Autre élément du débat, le Gouvernement s’inquiète des modalités concrètes de mise en œuvre de cette mesure. Il craint, comme toujours, que certains élus ne détournent la typologie pour en faire un outil de régulation de la concurrence et non d’aménagement du territoire.

On doit rappeler d’abord que rien dans la loi n’autorise les élus à faire la police de la concurrence sur le marché local ni à opérer une discrimination entre les enseignes ou les concepts commerciaux. Le permis de construire, qui sert d’autorisation d’implantation, ne le permet pas.

En outre, il est clair que la typologie n’est pas un outil discrétionnaire. Le DAC devra justifier que les conditions restrictives qu’il pose sont proportionnées aux exigences d’aménagement du territoire qu’il fixe. Le juge y veillera le cas échéant et les SCOT trop malthusiens seront annulés au nom de la liberté de commerce. Des DAC ont d’ores et déjà été annulés en France pour ce motif.

Les travaux préparatoires à l’examen du présent texte montrent sans ambiguïté que le principe qui structure ce dernier est bien de concilier la liberté de commerce et l’aménagement du territoire, et non de subordonner l’un à l’autre. C’est sur ce point fondamental, monsieur le secrétaire d’État, que nos vues divergent avec le Gouvernement. Au nom du pouvoir d’achat de nos concitoyens, au moment où le gaz augmente de 9 %, où les produits de base enregistrent d’importantes hausses de prix, il faudrait laisser les promoteurs commerciaux s’installer où ils veulent, comme ils le souhaitent ; nous pensons pour notre part que la situation dans laquelle se trouve notre pays justifie largement l’instauration d’une certaine régulation.

Avant d’en arriver au contentieux, le texte prévoit cependant plusieurs garde-fous pour empêcher les détournements ou les erreurs de conception des DAC.

Ces garanties sont les suivantes : les commerçants seront associés à l’élaboration de ces documents d’urbanisme, de même, mon cher Gérard Cornu, que les chambres consulaires, qui donneront leur avis, comme le prévoit la procédure normale pour un SCOT ou un PLU. La commission régionale d’aménagement commercial sera consultée pendant l’élaboration du DAC. Il convient d’ajouter le contrôle du préfet avant l’entrée en vigueur du SCOT et des mécanismes de modification simplifiée des DAC qui permettront rapidement de rectifier le tir.

Tous ces arguments montrent que la typologie des secteurs d’activité commerciale constitue un outil à la fois efficace et mesuré.
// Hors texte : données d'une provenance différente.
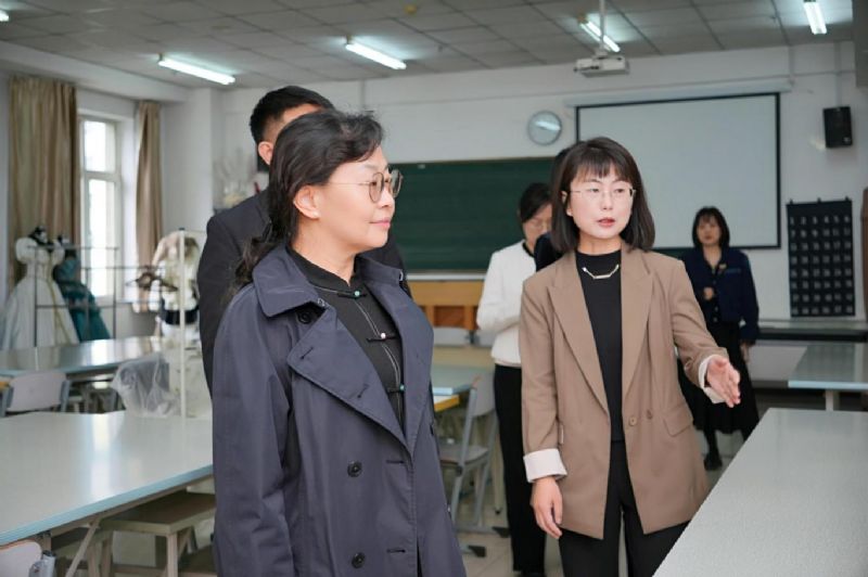 10月12日,出席“进一步全面深化改革 共谋创新发展之路——专业音乐教育高质量发展论坛”的中国歌剧舞剧院副院长唐莹专程到戏剧影视学院调研交流。学院党委书记刘纪刚、党委副书记石爽、副院长王莹陪同调研。唐莹先后参观了戏剧影视美术设计系的舞美设计展示厅、道具模型制作工作室、学生画室、舞台灯光实践剧场、服装制作工艺室等教学和实践场地。每到一处,唐莹都饶有兴致地欣赏学生们创作的各种模型、道具和服装等作品,并提出专业指导意见。

Je le dis en toute franchise, notamment à vous, monsieur le secrétaire d’État, avec qui j’en ai longuement discuté et avec qui j’entretiens des relations plus que cordiales : si vous êtes en mesure de nous proposer une autre solution qui réponde au problème de l’agonie des centres-villes, nous sommes preneurs ! C’est bien parce que l’implantation commerciale sur notre territoire n’a pas été régulée depuis trente-cinq ans que nous sommes parvenus à une situation aussi anarchique. Restons modestes, mais soyons déterminés et volontaires pour y mettre fin !

Je parle naturellement d’une véritable solution, ce que ne comportent pas les nombreuses propositions que vous nous avez faites jusqu’à ce jour, comme le renforcement du droit de préemption ou la hausse de la taxe sur les surfaces commerciales, la TASCOM, en périphérie, qui sont des outils complémentaires certes intéressants, mais très insuffisants, vous le savez, pour régler la question capitale de la désertification des centres des villes moyennes.
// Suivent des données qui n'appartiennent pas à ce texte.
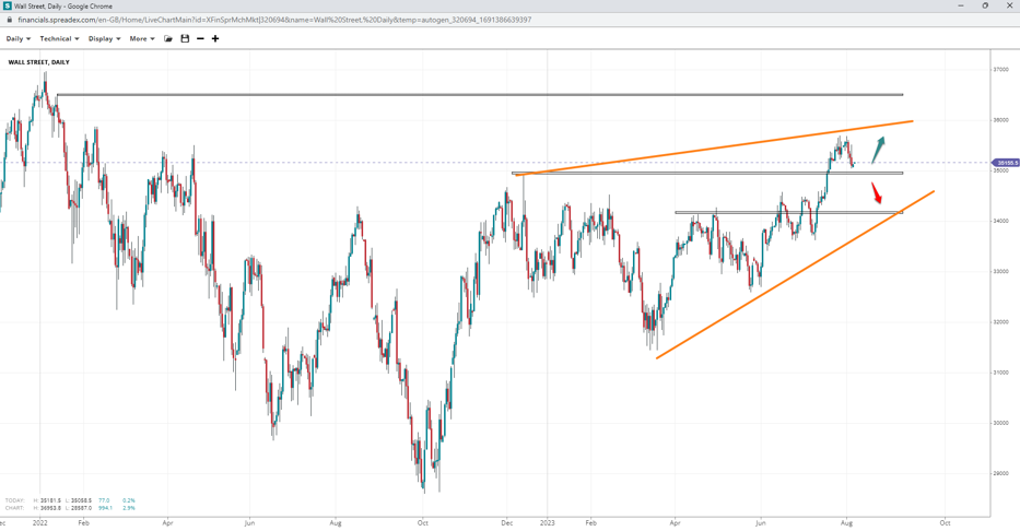 While Wall Street fell to 35k following a lack of momentum towards 36k, prices remained above the 34920 support, keeping upside speculation open. Above the round hurdle lies the 36500 resistance, whereas expected support at 34180 may reveal a wedge pattern.

La solution que je préconise n’a sans doute pas que des avantages, mais ne pas la présenter reviendrait, j’en suis persuadé, à faire preuve d’un immobilisme coupable, dont je ne voudrais en aucun cas être coresponsable.

Telle est ma lecture de cette proposition de loi. Je suis convaincu que si l’on ne donne pas au DAC les outils puissants que je vous propose d’adopter – à charge pour les élus de les utiliser à bon escient – l’aménagement du territoire sera une fois de plus, et pour longtemps encore, sacrifié. Dans dix ans, la situation sera toujours la même, faute de nous être dotés des moyens adéquats.